1. Don’t let oil or nuts go rancid. Whenever I cook in a friend’s home, rancid olive and vegetable oil is the number one food sin that I see committed. Many people don’t realize that oil goes bad, so it’s very important to keep it (especially pricey olive oil) in a cool, dark place. Take the sniff test to determine if yours has gone bad: if it smells musty and off, it’s time to say goodbye. (And here’s an important food disposal tip: if you must throw it away, don’t pour oil down the drain; it’s terrible for waste-water treatment plants.) If you don’t use a lot of oil, avoid buying giant bottles so it won’t go bad before you use it up.
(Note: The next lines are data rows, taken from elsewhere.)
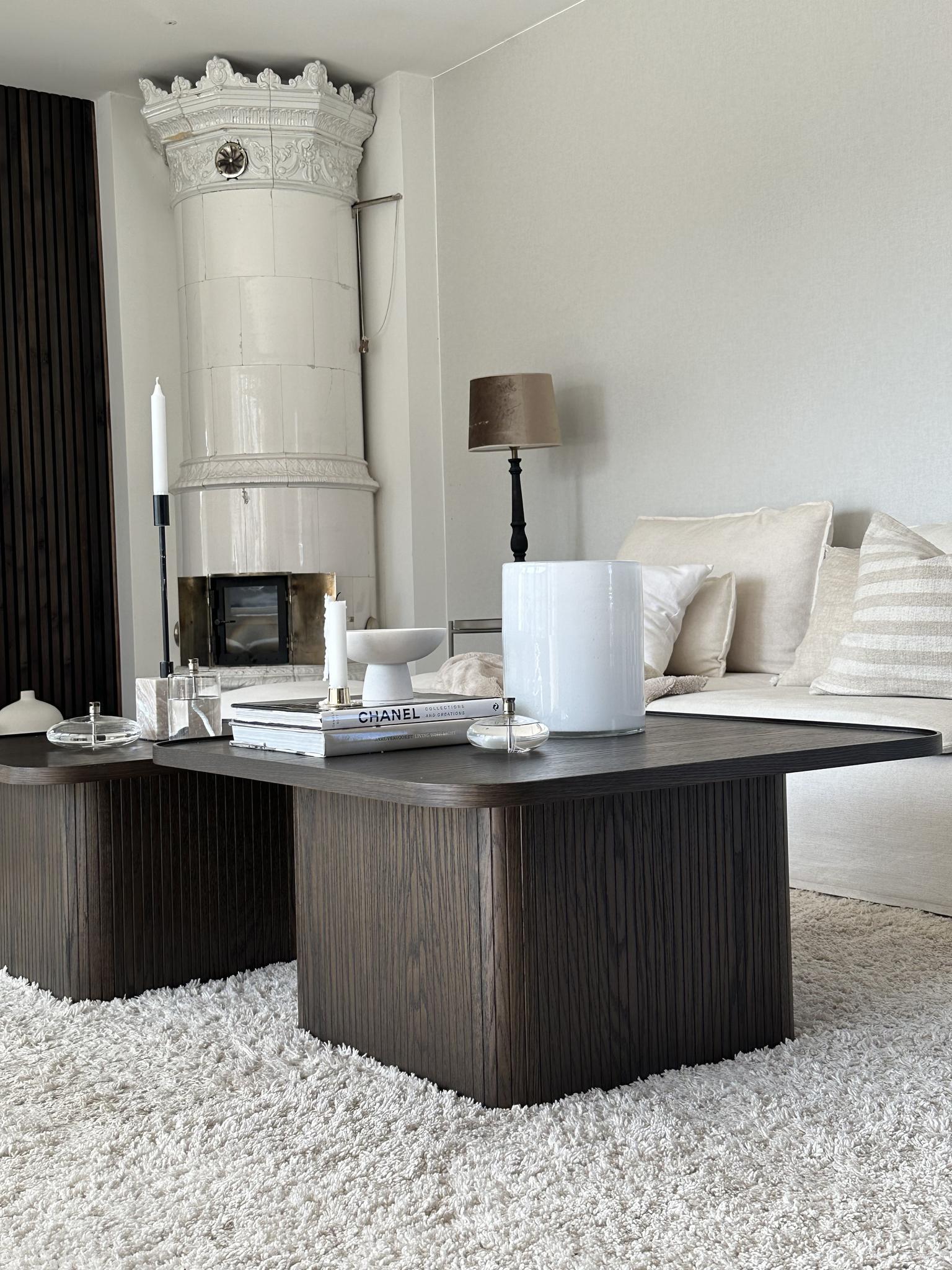 • Mörkbrunt soffbord med räfflad design i vardagsrum med vit kakelugn och beige soffa
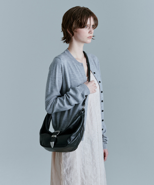 Marge Sherwood BELTED HOBO MEDIUM_black glossy plain
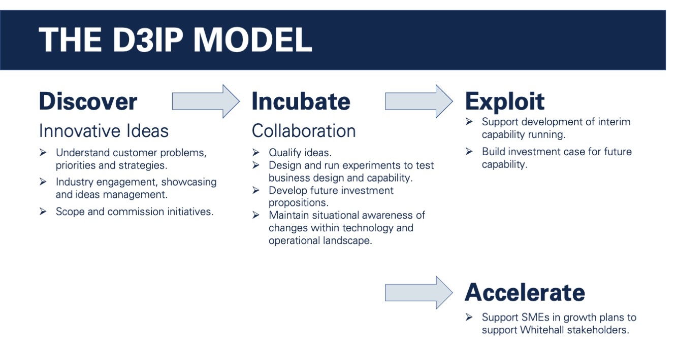 The D3IP operating model, a capability that has been tested and proven within government organisations, provides an alternate and iterative approach to R&D, experimentation, and prototyping.
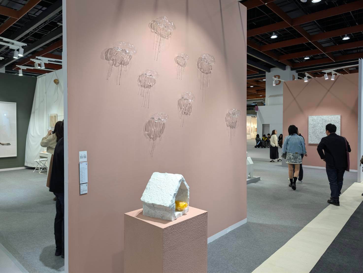 特別的是,這次展出將數件來自《靈動系列》、雲朵形象為靈感的作品,佈滿整面牆,使透淨的玻璃在光線下呈現出輕柔的光影效果,靜止之中卻能引發視覺上的動態體驗。畫廊方特別提到,這面展牆背景使用特殊的粉色,靈感來自臺灣黃昏時分的風景—由水氣構成的雲層風景。由此可見,畫廊在展出中融入策展思維,也大幅提升與作品之間的協作呈現。
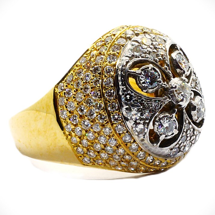 Anello a cupola anni 50 in oro giallo e bianco 18kt. Porta incastonati sul gambo e nella parte centrale diamanti di eccezionale purezza tagliati sia "single cut" che "round brilliant" ed è proprio la differenza tra i due tagli, unita alla presenza di due ori di diverso colore, a creare particolarissimi giochI di luce sul gioiello. La caratura complessiva dei diamanti (da o,10 ct a 0,01 ct) è di 2,5 carati circa ed il peso totale dell'anello è di 13,66 grammi mentre la misura al dito (sempre modificabile) è 25/65.
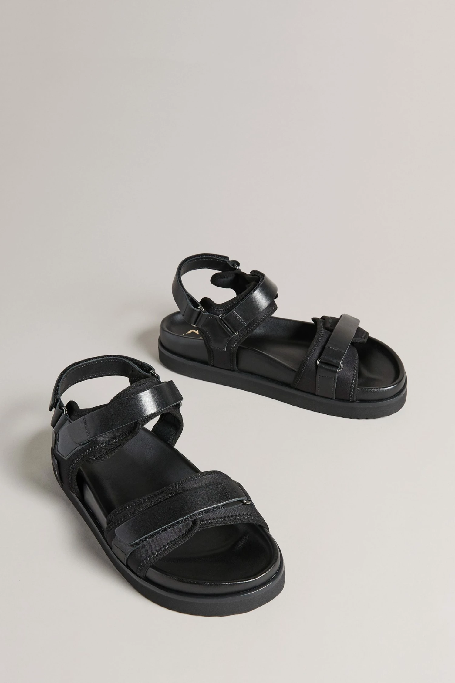 A sporty style that s sure to see some serious rotation in your wardrobe. These Nalha sandals are designed with leather panels, moulded sole, velcro straps and Ted Baker branding.
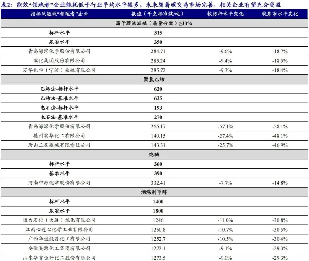 能效“领跑者”企业能耗低于行业平均水平较多,相关企业有望充分受益。化工为仅次于电力、钢铁、建材的第四大排放源,同时行业内仍然具有一定的落后产能。未来随着化工行业被纳入碳交易市场,化工行业内的供给格局将发生一定变化,能耗水平较高的企业可将多余的碳排放配额在碳交易市场中出售进而增厚效益,而能耗水平较低的企业需在碳交易市场中购买不足的碳配额进而增加成本,加快落后产能的退出。我们统计了液碱、聚氯乙烯、纯碱等6个化工子行业能效“领跑者”企业的情况,其能耗水平较行业标杆水平平均低19%、较基准水平平均低31%。即能效“领跑者”企业能耗低于行业平均水平较多,市场竞争力较强,未来随着碳交易市场完善,低能耗企业有望充分受益。
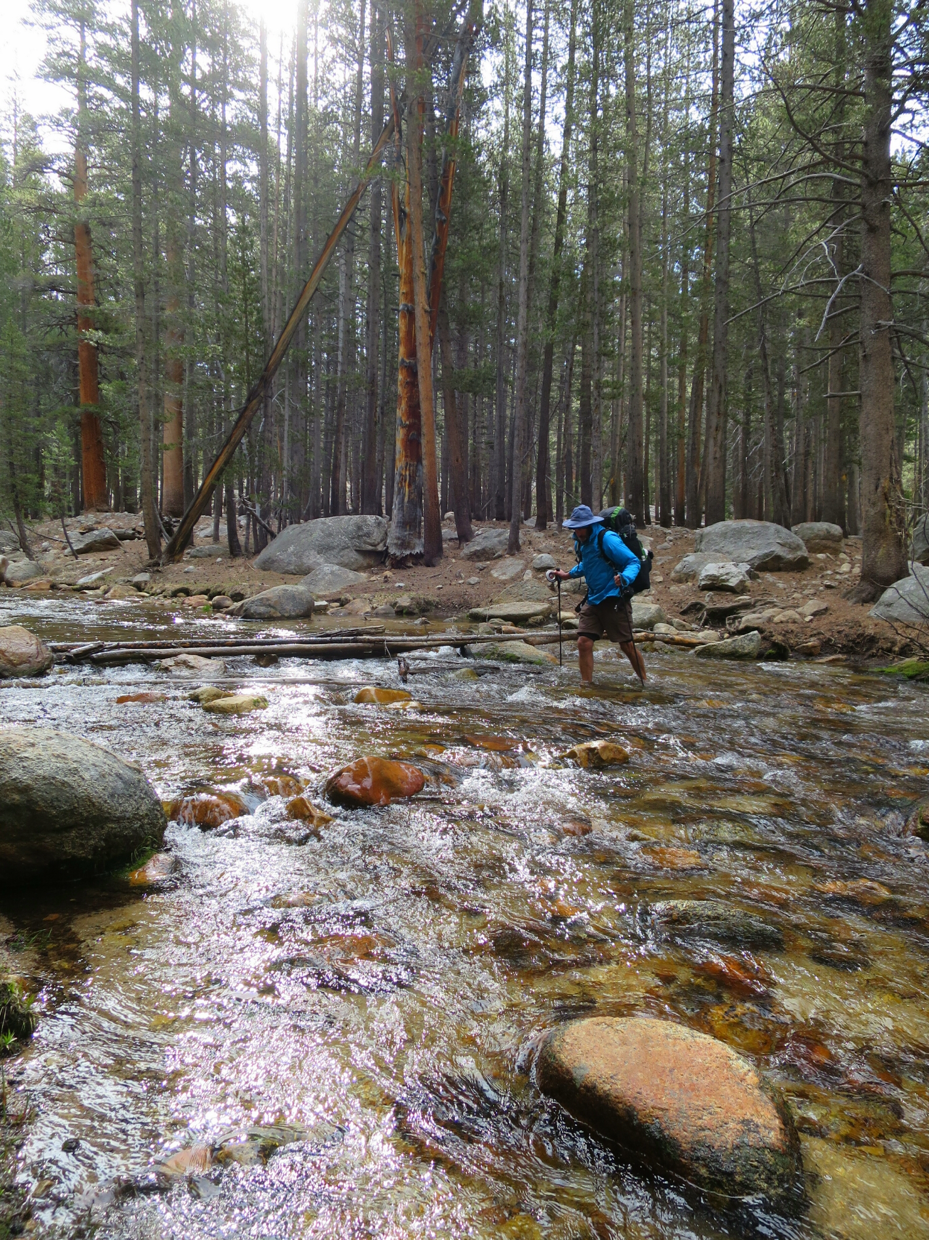 From our campspot we descended towards Rocky Creek in nice morning sunshine. My feet were still frozen and we were at our very first creek crossing. I was dreading the cold water so hurried taking my shoes off so I can get it over and done with. Not surprisingly, already cold feet go numb very quickly when immersed in snow melt water. Hammer thought it was cold but not unbearable. The rocky bottom was not slippery underfoot so made the crossing a bit easier.
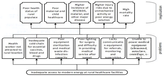 The World Health Organization (WHO) makes it known that good healthcare service directly depends on access to a reliable electricity supply, and saving a life without electricity will be difficult [1,6,12,22,23]. Figure 1 shows the effect of unreliable energy access on rural healthcare services [24].
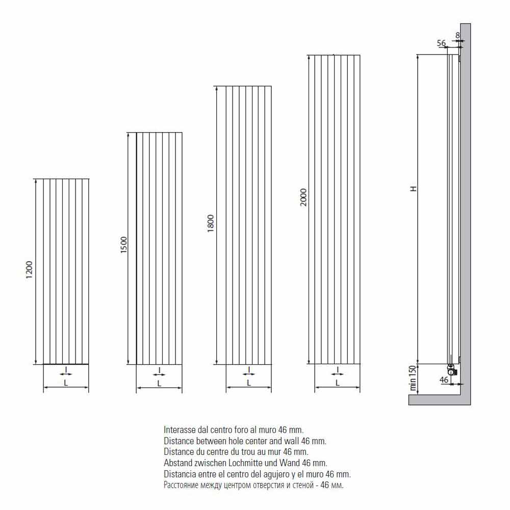 Disponible en différentes tailles *:- H 1200 x L 293 x Inter. 50 mm x Sortie w (Δt50 *) 420; Rendement w (At30 *) 215; Rendement w (Δ26 *) 182;
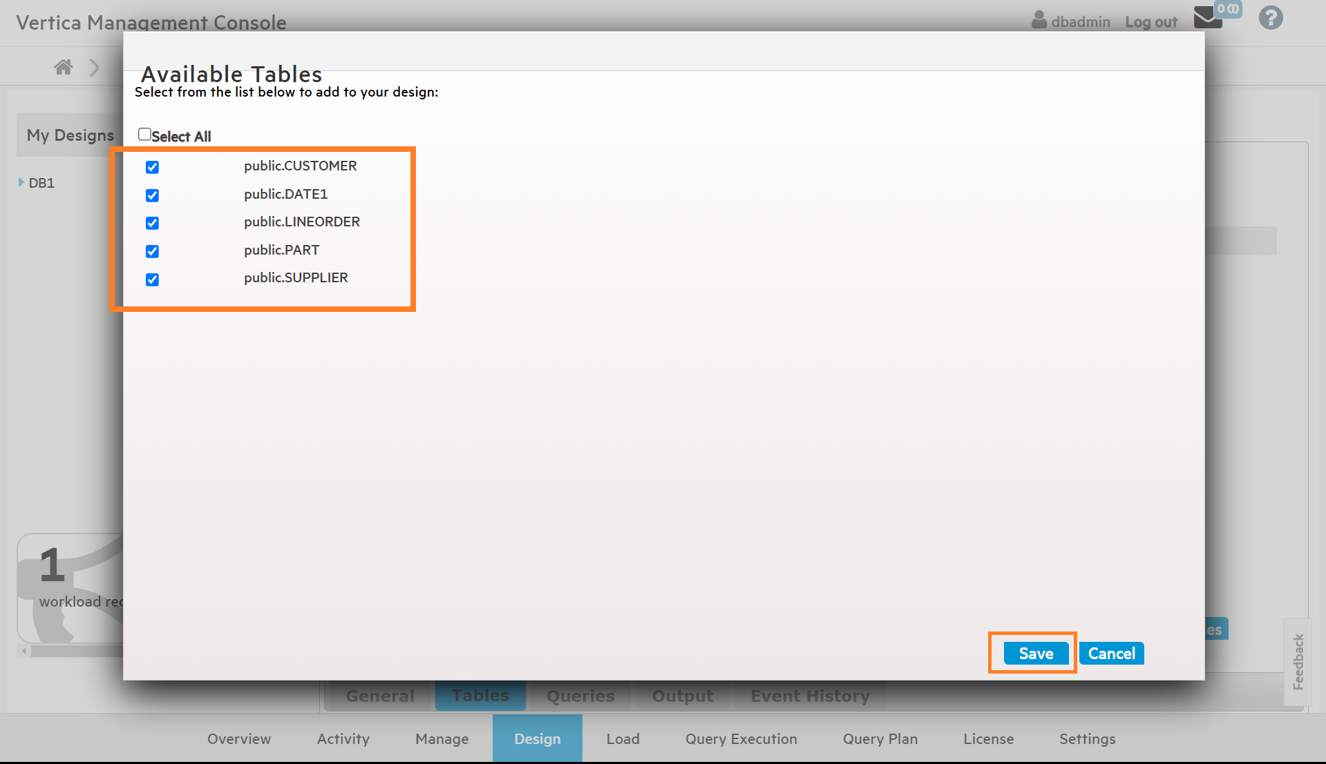 表示されたポップアップ・ウィンドウから、プロジェクション作成の対象となるテーブルを選択し、「Save」をクリックします。
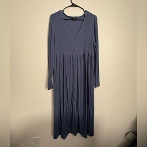 Elegant maxi dress by Quince. Features a button-down front. Long sleeves with a graceful flow.
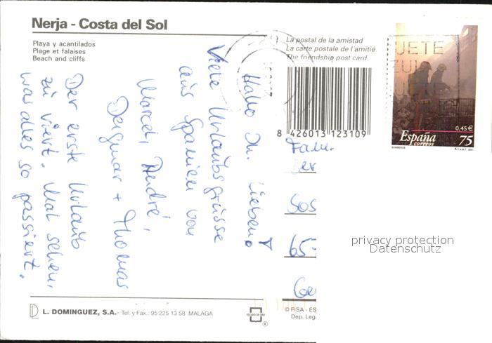 old postcard Nerja Costa del Sol Strand Klippen postalisch gelaufen Erhaltung siehe scans
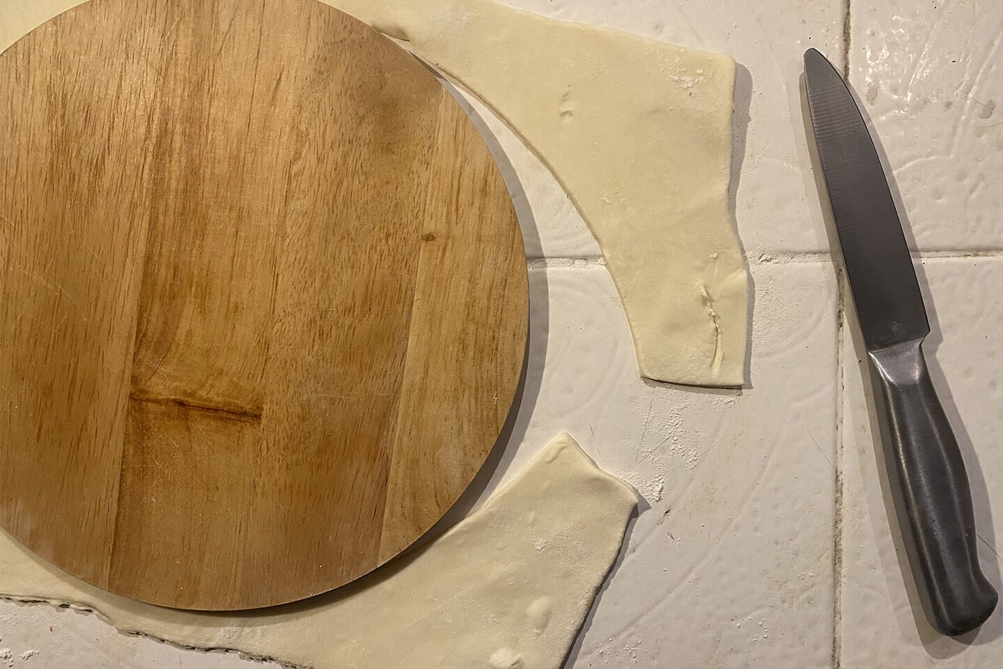 Corte o disco de massa folhada de maneira que possa cobrir as maçãs na forma. Resfrie a massa na geladeira por aproximadamente 15 minutos
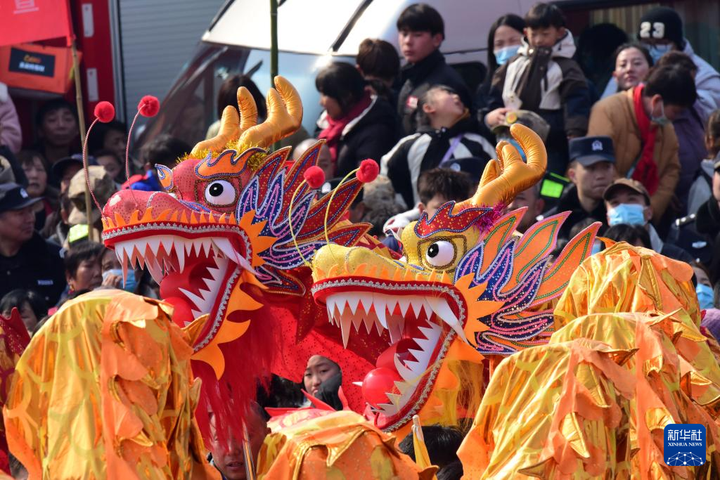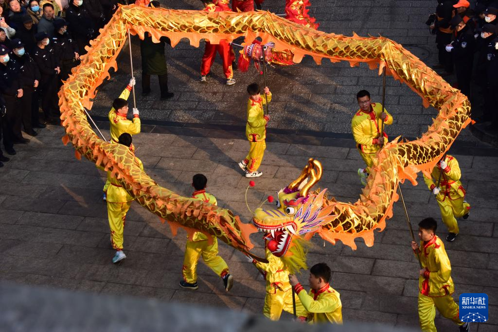 2月25日,浚县民间社火团体在古庙会上表演舞龙。新华社记者 朱祥 摄
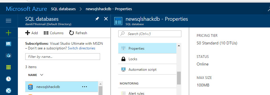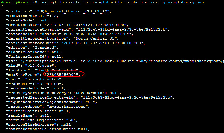 If you check the maxSizeBytes parameter, it has 268435456000 bytes (250 Gb), you can verify that the Database was created in the portal if you click on the SQL icon:
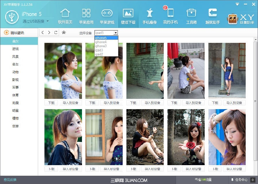 Ios教程網 >> IOS教程 >> 蘋果手機教程 >> XY蘋果助手壁紙下載功能
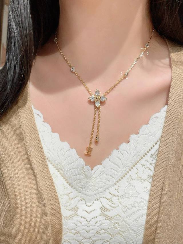 Lv* Latest model plum blossom diamond tassel necklace consistent Zp brass material
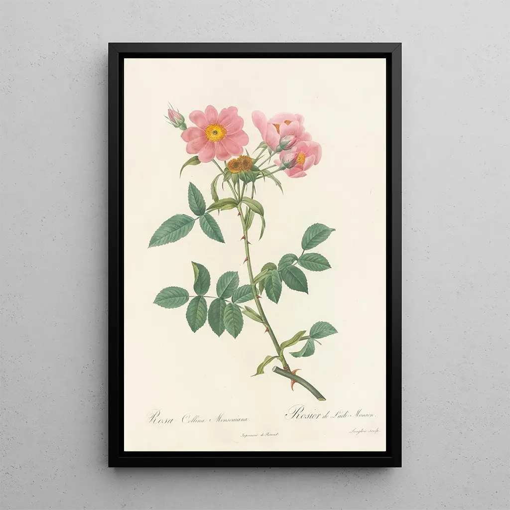 Rosa Collina Monsoniana: a tribute to natural beauty The art print of Rosa Collina Monsoniana presents itself as a true ode to nature, where each petal seems to vibrate with its own life. The shades of pink and green blend delicately, creating a lively tableau that evokes the freshness of blooming gardens. The technique of Redouté, combining watercolor and drawing, pays homage to the complexity of shapes and textures. The atmosphere emanating from this piece is both serene and inspiring, inviting a deep contemplation of the ephemeral beauty of flowers. Pierre Joseph Redouté: a master of botanical illustration Pierre Joseph Redouté, an emblematic figure of the 18th century, revolutionized botanical illustration with his artistic approach. Raised in an artistic environment, he mastered the blend of science and aesthetics, becoming the court painter of flowers in France. His works, including Rosa Collina Monsoniana, testify to his immense talent and attention to detail. Influenced by the botanical discoveries of his time, Redouté captured the very essence of plants, making his paintings essential references for botanists and art enthusiasts. A decorative acquisition with multiple advantages The art print of Rosa Collina Monsoniana is a wise decorative choice to enrich your living space. Whether in an elegant living room, a creative office, or a peaceful bedroom, this canvas will add a touch of nature and serenity. Its printing quality guarantees vibrant colors and meticulous details of the original work, while offering undeniable aesthetic appeal. By integrating this art print into your decor, you create an inspiring and calming environment, where the beauty of flowers invites itself into everyday life.
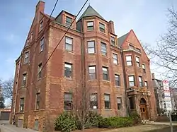 The Jarvis is a historic apartment building at 27 Everett Street, on the north side of the Harvard University campus in Cambridge, Massachusetts. Built in 1890, the 4+1⁄2-story brick building was one of the first apartment houses built in the vicinity of northern Massachusetts Avenue. At the time, Massachusetts Avenue north of Harvard was predominantly lined with large fashionable houses. The Jarvis fit into this to some extent by being designed to resemble a large single family residence of the time. The building has irregular Queen Anne massing, polychrome trim, and massive corbelled end chimneys.[2]

And the worst offense you could commit against your lovely bottle of olive oil is to keep it on the stovetop. Yes, it’s handy to have it close by, but the residual heat from cooking will speed up its demise. As for nuts, many people don’t realize that they go bad quickly, because the heart-healthy oils they’re packed full of go rancid. Nuts keep very well in the freezer, so if you buy walnuts to bake with, keep them in a plastic bag in the freezer until you need them. No need to defrost before use. This is also an excellent place to store pricey pine nuts. Just remember to close all plastic bags with a rubber band or clip, and then store in a freezer bag.
2. Butter needs your TLC. Butter is another item that I often see languishing in friends’ fridges long past its expiration date. Salted butter keeps a bit longer because the added salt acts as a preservative, but unsalted butter that’s required for baking goes bad more quickly. Butter that’s gone bad will also smell a bit “off,” but the best way to check it is to slice off a small piece. Is there a translucent ring around the edge? If you’re in a pinch and really need butter, then you can slice the outer edges off and still use it, but for delicate, butter-heavy baked goods, you’ll want to get some of the fresh stuff. The great news is that butter freezes extremely well, so if you buy a pound of butter, but only need one stick for your recipe, throw the other sticks in a plastic bag and store in the freezer until you need them — no more than a few months, though. (This is actually a great thing to have if you’re making pie dough, because you want your butter as cold as possible. For pie dough, take butter out of the freezer and just defrost slightly before cutting it into chunks.)